FrankFulton | Posted in General Questions on

We are seeking to switch from an inefficient oil-fired furnace in our long, cape style home in CZ4 (looks more like a ranch: 2700ft first floor, 900ft 2nd floor). Room-by-room load calculations suggest total heat loss (including basement) of just over 70,000 btu/hr. (R4 stone walls cannot easily be insulated – we have made significant envelop upgrades elsewhere.) The load calcs were performed by a RESNET rater and seem reasonable – do not account for sun orientation but based on volume, glazing, leakage, and insulation. In one area of the home we have an electric baseboard heater and also a propane fireplace.

Our thought is that a single ASHP unit will cost about 10k installed, and we can use another 5k to finish our envelope upgrades.
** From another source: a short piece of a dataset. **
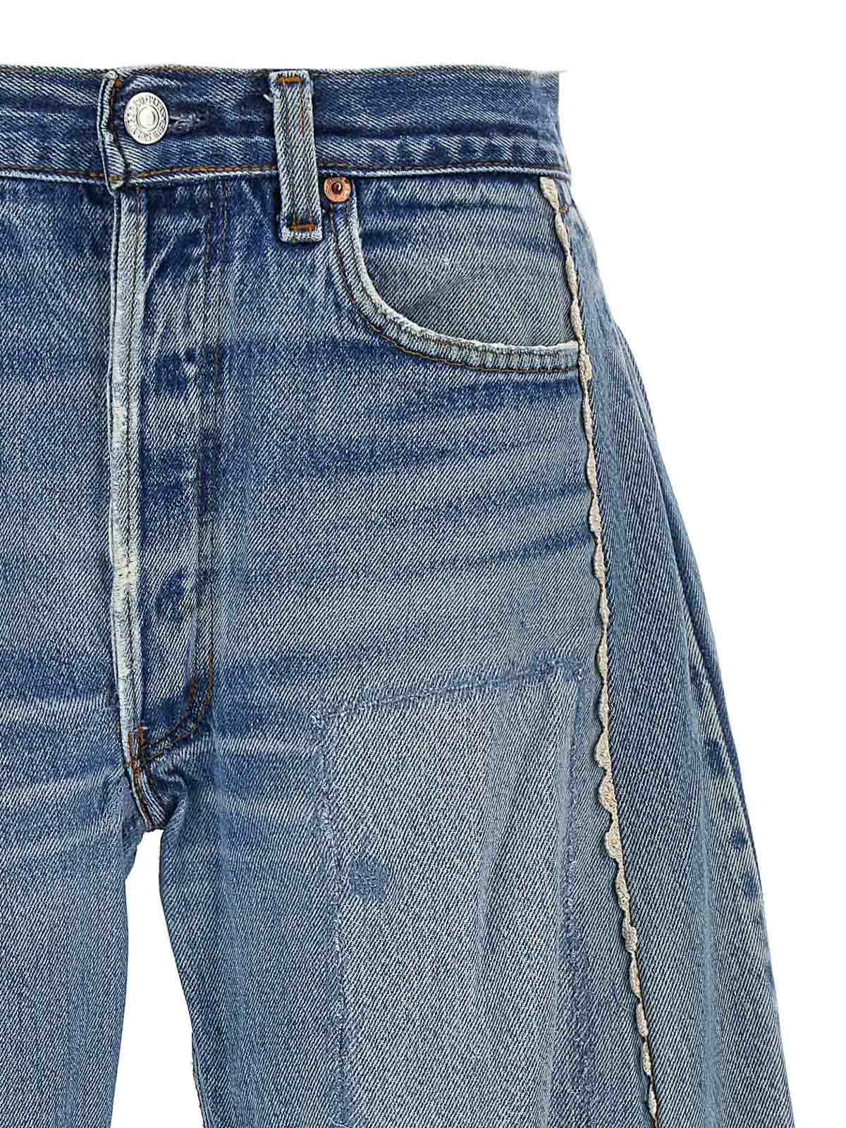 Each garment is unique and different please contact us for colors available in your size. cotton denim vintage lasso jeans with hand-knit lace inserts, crop model with wide, curved leg, front button closure, five pockets, frayed hem, back salpa. this product is made from authentic vintage levi's 501s collects ed in the american west. each piece is unique. due to the unique characteristics of vintage garments, the garment may have imperfections that are not to be considered defects, the shade of the denim may vary slightly.

We’d prefer multiple units or minisplits, of course, but the up-front cost would double. We live in an area where nat gas is not available, but many folks have “geothermal” GSHPs.

Thus, our tentative plan is to heat the home (using the existing 1955 high-quality galvanized ductwork) with one 5-ton heat pump (i.e., perhaps Carrier 18vs or Bosch – cooling is less of a concern, because there is an old AC unit in the attic). These ASHPs can generate heat of about 60k of BTU/hr down to 17 degrees, which is our 99% design temp per EnergyStar. Then, after installing the ASHP, if airflow or heat is insufficient, we could add more ducts, mechanical zoning, or a separate zone via a ducted minisplit. We’ve just begun to seek bids.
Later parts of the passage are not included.